In late 2018 someone asked me what my learning philosophy was. I posted about it then and the last lines of that post read:
What is a learning philosophy? I’m guessing it’s the key tenets of my practice which I won’t compromise in my design and delivery.
Learning philosophy
I’ll have to think what they might be and get back to you.
I’ve had a think and 5 years later, this is where I’m at now.
Firstly, workplace learning isn’t just individual activity but organisational leverage. Learning isn’t simply personal development but a strategic enabler for organisational performance, workforce planning, and system-level change. Learning is a tool to:
- Influence behaviour at scale
- Align with business outcomes and workforce supply-demand gaps
- Anticipate future capability needs (e.g. through SWP and AI literacy)
Next, evaluation of this activity must be meaningful and not ritualised.
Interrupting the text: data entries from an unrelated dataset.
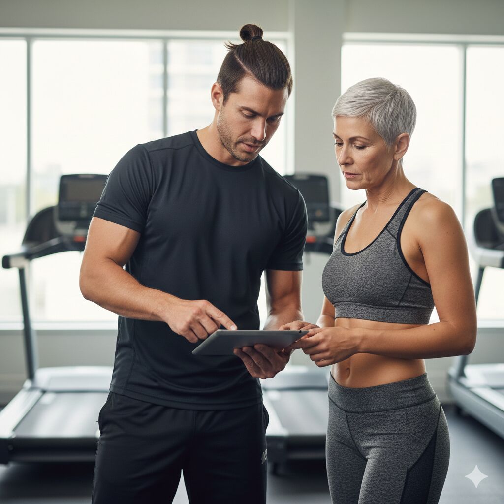 É uma orientação sob medida on-line ou presencial via sessões individuais (50min) de exercício físico com prescrição detalhada filmada e em PDF, e suporte via WhatsApp.
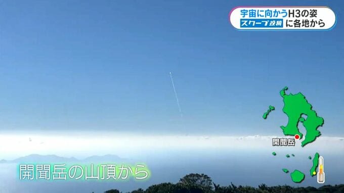 雲を突き抜けて高度を上げていくロケット。こちらは、標高924メートルの開聞岳の山頂から撮影されました。撮影した男性は、打ち上げにあわせ、およそ2時間かけて開聞岳を登ったそうです。
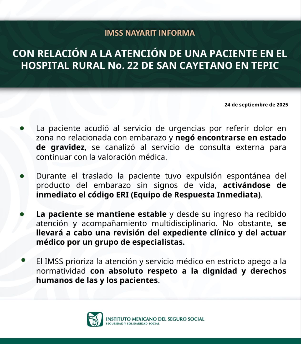 Con relación a la atención de una paciente en el Hospital Rural No. 22 de San Cayetano en Tepic, la Representación del IMSS en Nayarit informa:
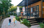 Il y a un restaurant, un bar et une pizzeria sur la glamping.
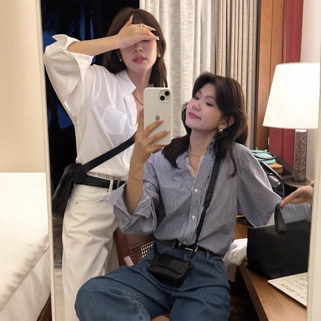 韓系カジュアル白いレースはゆったり襟のボタンの長袖のシャツ713
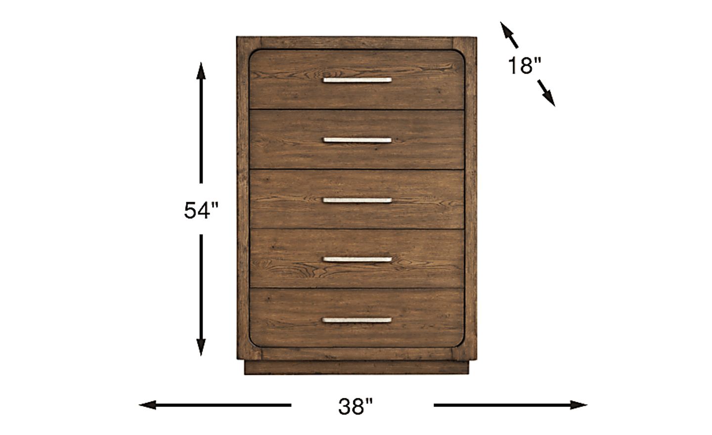 Highlighting form and function with a hint of throwback design sensibilities to the 50s and 60s, the handsome Berkview Place chest gives every day a stylish, confident start. Oak veneers in a rich brown finish feature natural woodgrain, and the sides feature recessed panel details to invite the eye. The five drawers of this piece are cut to a gentle curve, creating an understatedly retro look. Metal bar pulls in an aged pewter finish contrast with the brown finish, making it easy to see and open your drawers. The base, styled to look like a plinth, gives a solid and stable appearance.
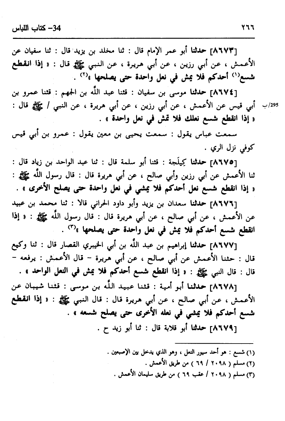 8677 - حَدَّثَنَا إِبْرَاهِيمُ بْنُ عَبْدِ اللَّهِ بْنِ أَبِي الْخَيْبَرِيُّ الْقِصَارُ، قَالَ: ثَنَا وَكِيعٌ، قَالَ: حثنا الْأَعْمَشُ، عَنْ أَبِي صَالِحٍ، عَنْ أَبِي هُرَيْرَةَ، قَالَ: الْأَعْمَشُ يَرْفَعْهُ، قَالَ: قَالَ النَّبِيُّ صَلَّى اللهُ عَلَيْهِ وَسَلَّمَ: «§إِذَا انْقَطَعَ شِسْعُ أَحَدِكُمْ، فَلَا يَمْشِ فِي النَّعْلِ الْوَاحِدِ»
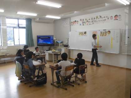 算数と道徳の授業を見ていただきました。算数はこれまで学習してきたことをもとにして小数÷小数の計算の仕方を考えました。道徳では、子ども達の身近な話題に沿った話を聞いて、「正義の実現」をするためにはどうしたらよいかを話し合いました。難しいい話題であったと思いますが、しっかり考えて自分の意見を話していました。
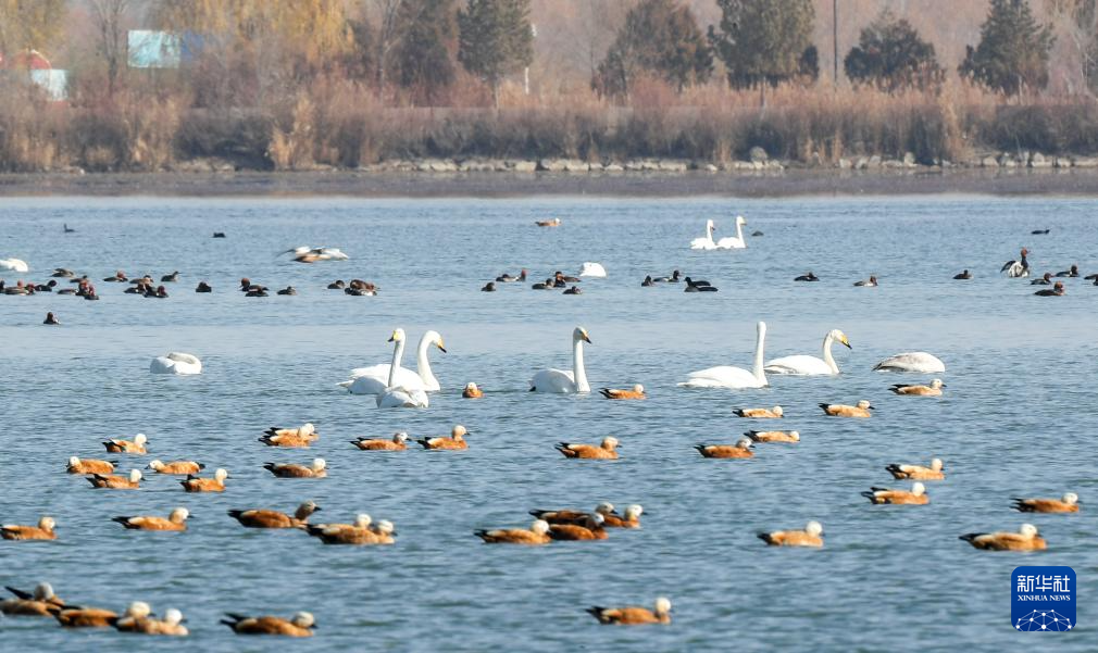 入冬以來,大批候鳥陸續飛抵位於甘肅省張掖市的張掖黑河濕地國家級自然保護區高臺段休憩覓食。作為全球9條候鳥遷徙通道之一的中亞通道的重要轉机站,每年約有18萬至25萬隻水禽在張掖黑河濕地國家級自然保護區集結、停歇。
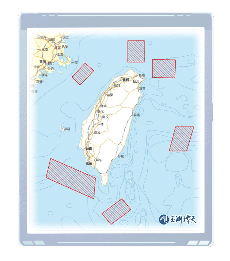把上面几个区域连起来,可以看出,解放军已经对台湾岛形成了前所未有的包围态势。

Interrogation of weak or performative evaluation practices is essential and the focus should be on rigorous and honest measurement.
I’m certain that learning happens in the gaps, not the gloss. Real learning happens in moments when we are messy, human and contextual. That means the learning profession needs to shift to evolve as contextual sense makers:
- Become interpreters, curators, and connectors—not just trainers or tech users
- Be fluent in data, culture, and organisational language
- Develop systems thinking and comfort with ambiguity
Lastly, learning strategy needs to be considered within political, structural, and systemic awareness. Systems don’t exist in isolation: a learning strategy needs to be integrated into the organisation’s performance and understands legal, cultural, political, and technological realities.
These are the principles which shape my thinking. What’s your learning philosophy?